• **EXERCISE AIM**: The whole listing is to be written out again exactly; the pictures are not.

• **EXTRACTED INFORMATION**:
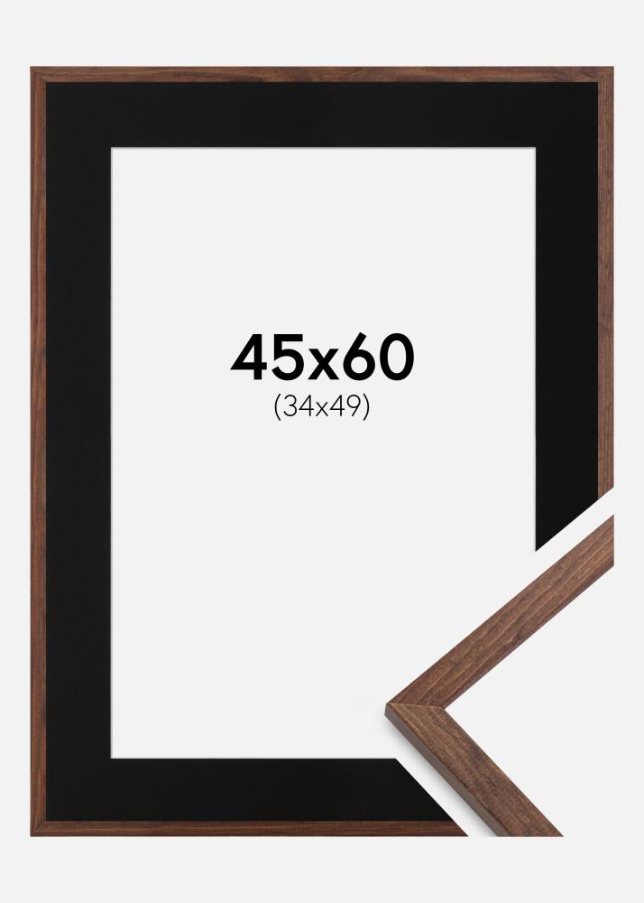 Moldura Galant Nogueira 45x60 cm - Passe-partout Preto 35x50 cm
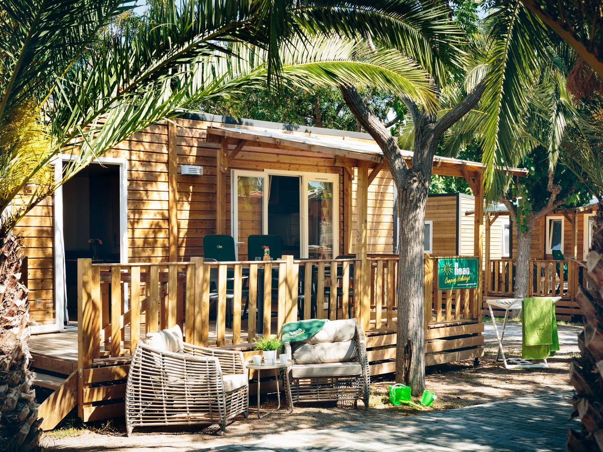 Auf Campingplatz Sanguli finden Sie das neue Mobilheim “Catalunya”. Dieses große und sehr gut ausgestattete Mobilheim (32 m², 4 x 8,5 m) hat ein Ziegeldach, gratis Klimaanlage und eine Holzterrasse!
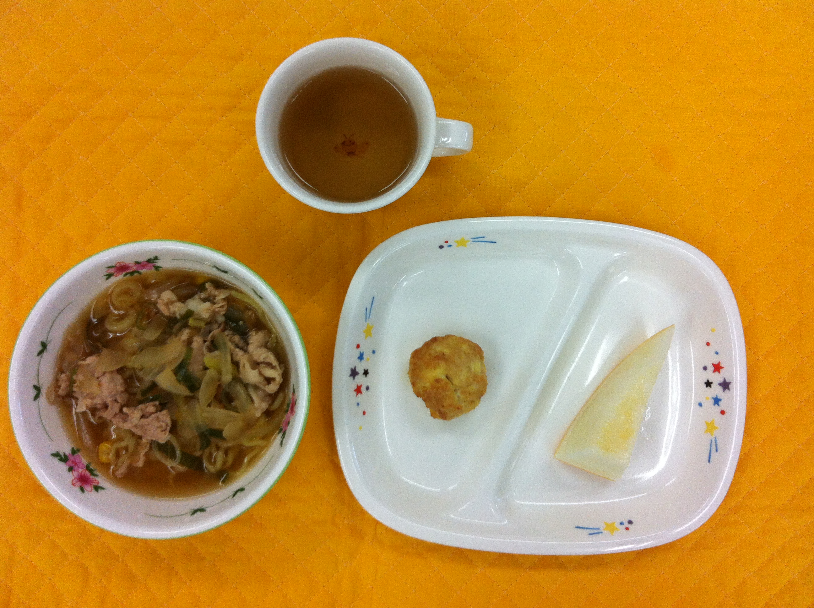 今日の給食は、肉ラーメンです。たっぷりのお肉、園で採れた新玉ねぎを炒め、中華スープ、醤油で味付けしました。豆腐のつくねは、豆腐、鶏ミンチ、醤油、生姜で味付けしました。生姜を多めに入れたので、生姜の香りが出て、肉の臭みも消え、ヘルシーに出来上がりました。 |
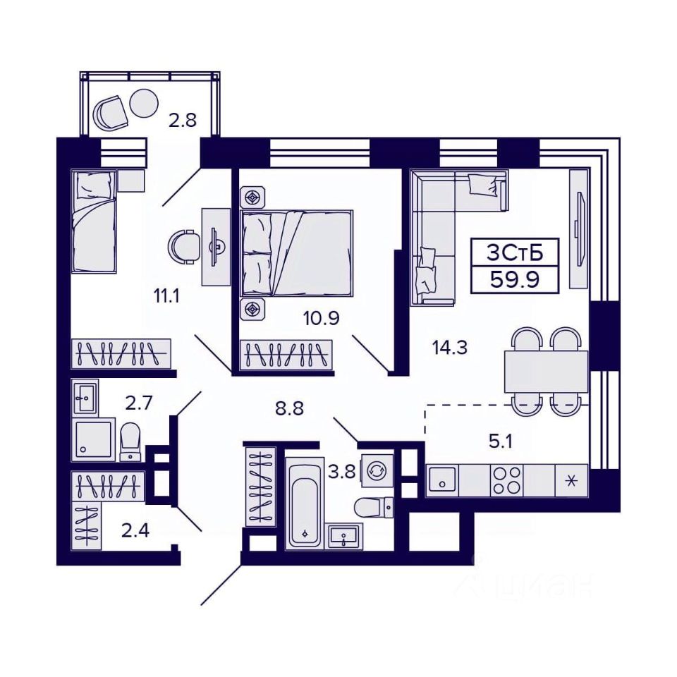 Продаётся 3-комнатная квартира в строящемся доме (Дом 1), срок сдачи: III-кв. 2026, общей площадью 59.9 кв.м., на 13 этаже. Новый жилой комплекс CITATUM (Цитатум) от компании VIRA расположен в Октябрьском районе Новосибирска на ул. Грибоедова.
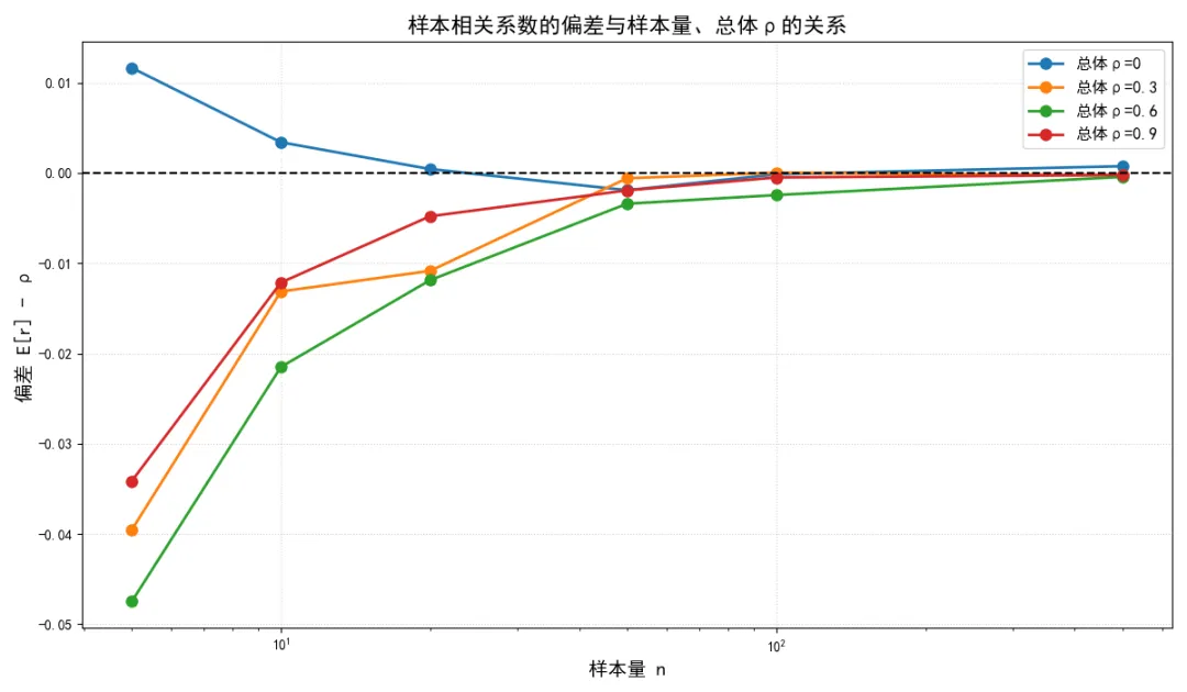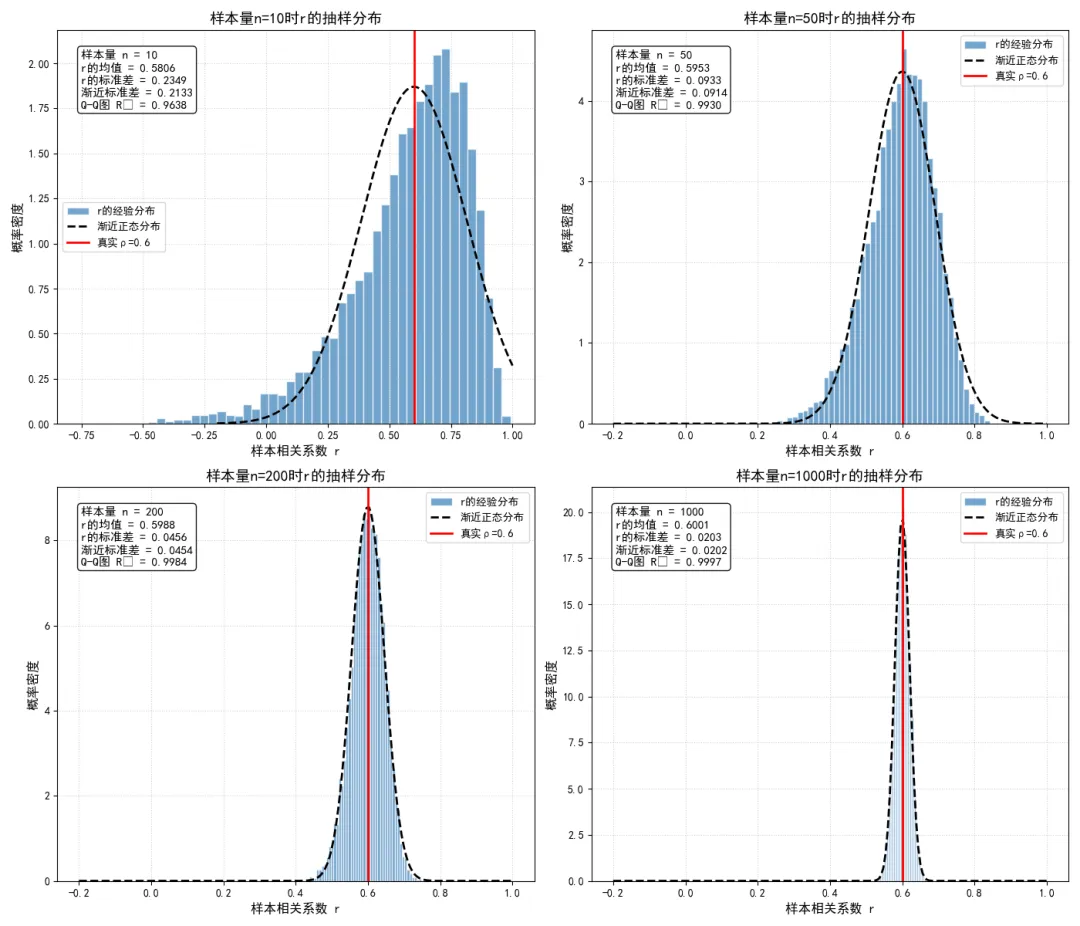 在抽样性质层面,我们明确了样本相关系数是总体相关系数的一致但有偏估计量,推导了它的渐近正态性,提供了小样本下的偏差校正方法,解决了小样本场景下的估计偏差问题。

• **REPLY TO THE TASK**:
 Moldura Galant Nogueira 45x60 cm - Passe-partout Preto 35x50 cm
 Auf Campingplatz Sanguli finden Sie das neue Mobilheim “Catalunya”. Dieses große und sehr gut ausgestattete Mobilheim (32 m², 4 x 8,5 m) hat ein Ziegeldach, gratis Klimaanlage und eine Holzterrasse!
 今日の給食は、肉ラーメンです。たっぷりのお肉、園で採れた新玉ねぎを炒め、中華スープ、醤油で味付けしました。豆腐のつくねは、豆腐、鶏ミンチ、醤油、生姜で味付けしました。生姜を多めに入れたので、生姜の香りが出て、肉の臭みも消え、ヘルシーに出来上がりました。 |
 Продаётся 3-комнатная квартира в строящемся доме (Дом 1), срок сдачи: III-кв. 2026, общей площадью 59.9 кв.м., на 13 этаже. Новый жилой комплекс CITATUM (Цитатум) от компании VIRA расположен в Октябрьском районе Новосибирска на ул. Грибоедова.
 在抽样性质层面,我们明确了样本相关系数是总体相关系数的一致但有偏估计量,推导了它的渐近正态性,提供了小样本下的偏差校正方法,解决了小样本场景下的估计偏差问题。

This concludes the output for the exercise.